Table 7 Trends in the number of storms

Because the simulations generally fail to capture the large basin-wide activity difference between the two phases of the AMV, the increasing trend in Atlantic TC activity observed over the 1980–2010 period is also severely underestimated (Table 7). The trends in Atlantic hurricane activity, as simulated by the downscaling approach evaluated here, were discussed at length in Emanuel et al. (2013) and Wing et al. (2015) and as such won’t be analyzed here. We will simply point out that the upward trends in the NCEP dataset are the largest of the four datasets (Table 7), but none of these trends match the ones observed during the 30-year period and at least part of these trends are spurious. As mentioned previously, there is a warm bias in the upper troposphere in the NCEP reanalysis during the 1980s and 1990s (Fig. 4). Such bias would act to artificially reduce hurricane intensification through a reduction in the temperature difference between the surface and the outflow temperature, and thus decreasing potential intensity, in the early part of the simulations. Reducing or eliminating this bias over the course of the 1980–2010 period would induce an artificial increase in TC activity in the 30-year simulation. We also note that the MERRA simulation shows a significant upward trend in activity while the ERA-I does not. This difference was attributed to larger trends in vertical wind shear and moist entropy deficit in the middle atmosphere over the MDR in MERRA compared to ERA-I (Emanuel et al. 2013).

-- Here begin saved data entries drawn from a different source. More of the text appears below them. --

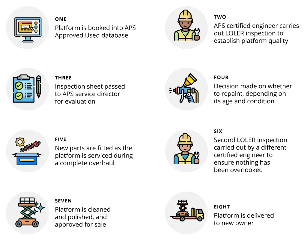 Talk to APS about options for buying Approved Used platforms. TTelephone: 01480 891251. Email: sales@accessplatforms.co.uk.
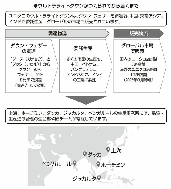 丸わかり! ユニクロ「ウルトラライトダウン」が消費者の手元に届くまでの"複雑なサプライチェーン"
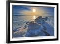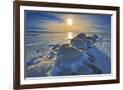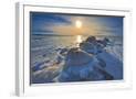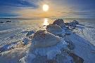 Canada, Manitoba, Winnipeg. Sunset on Lake Winnipeg spring ice.
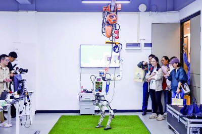 浙江大学控制科学与工程学院仿生腿足机器人团队向公众展示最新成果。资料图片

4.1.1 Landfalling hurricanes

A recent study by Kossin (2017) suggests that, while conditions generally become more favorable to hurricanes in the Atlantic basin as a whole during the positive phase of the AMV, conditions become less favorable near the coastal US. Kossin (2017) showed that during the more active period, vertical wind shear tends to increase compared to the quiescent period. So, while there are fewer hurricanes and major hurricanes in the quiescent phase, the storms that do manage to reach the US coast in the quiescent phase are more likely to intensify into stronger storms than in the more active period. Kossin (2017) also detected larger variance in the intensification rates during the quiescent period than during the more active periods. We investigate whether these differences in intensification mean and variance near the coast is reproduced in the series of simulations.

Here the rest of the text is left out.